Having watched the 1980s actors playing Ram, Sita, Lakshman, Raavan, and Hanuman for a couple hundred hours, it's hard to imagine anyone else playing those parts.



But the new actors do a beautiful job, both in contemplative still shots and in action. The new Ram is taller and manlier-looking. The new Sita has gigantic, sad, liquid eyes. The new Laxman believably expresses admiration for Ram and the hotheadedness that's never far away with him.
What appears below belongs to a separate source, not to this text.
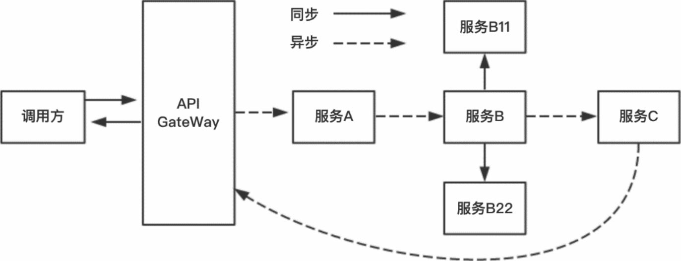 调用方通过服务网关(API Gateway)发起调用并等待结果,随后网关派发调用请求给后续服务,其主调用链路为A-B-C,其内部为异步调用,链路上不等待,最后由C返回结果给服务网关。其中,B又依赖两个子服务:B11和B22,B需要B11和B22的返回结果才能发起C调用,因此在支线上B针对B11和B22调用就需要是同步的。

I'll save other observations about the new Ramayan for later posts, and there are a whole lot of interesting things to say about it, but I wanted to note one here: the new production makes Ram's 14-year exile in the forest clearly/ineluctably fated several times over. In 1980s Ramayan, pretty much only Ram's devotion to धर्म [dharm/doing the right(eous) thing] drives him out: King Dasharath made a promise, two boons, years ago to his queen Kaikeyi, so when she asks Dasharath to enthrone her son Bharat and exile Ram, Ram believes he must go in order to fulfill his father's promise and save his family's honor. Well. In the new Ramayan, it's much more freighted:
1) The palace astrologer finds that the match is dreadfully inauspicious: Ram "मांगलिक हैं" [manglik hain/was born under Mars in a way that guarantees misery in Sita's marriage to him]. (For a modern example of this continuing dread of one partner's being "manglik," see the Bollywood movie Lage Raho, Munna Bhai.) HOWEVER,--
2) There's a one-hour window during which this combination will work out fine IF they're careful not to miss this rare opportunity. The wedding is thus planned for this precise time. HOWEVER,--
3) A consortium of gods, led by Indra, wants to prevent Ram and Sita from escaping fate so simply. They send one of the gods down disguised as a dancer, who mesmerizes the wedding party so deeply that the short auspicious hour slips away unnoticed. The loophole is closed. ADDITIONALLY:
4) Before the wedding ceremony even started, Sita made a rash vow to Parvati (Shiva's consort): she (Sita) would voluntarily go through great suffering if only Ram were given sufficient strength to lift and string Shiva's bow, in the testing ceremony designed to choose Sita's groom. Parvati is distressed, knowing that the vow was unnecessary--Ram would have been fine on his own--but at Shiva's urging, grants Sita's prayer at the cost Sita specified. We all know where her suffering will begin--with Ram's removal to the forest. And FINALLY:
5) Years ago, it turns out, Dasharath made a horrible, fateful mistake. (This mistake appears in the 1980s Ramayan as well, but less highlighted.) Back before Dasharath sired Ram, he was hunting, alone, with his bow one night, and he thought he heard a deer drinking at the nearby pool. He shot into the dark--and fatally struck a young man who was collecting water for his aged, blind parents. The mother curses Dasharath: May your firstborn son be taken away from you, and then may you die a terrible painful death yourself! So Ram's forced departure, followed soon by Dasharath's demise, clearly fulfill this powerful curse. (Side note: I must look into these Indian curses...)
With all this going on, the exile doesn't seem one bit like a choice. The gods, a curse, astrology, and Ram's own wife all contribute to guaranteeing that he goes away.


Anyway: I invite you all to join me and my wife in watching this fantastic new production of the Ramayan on Netflix!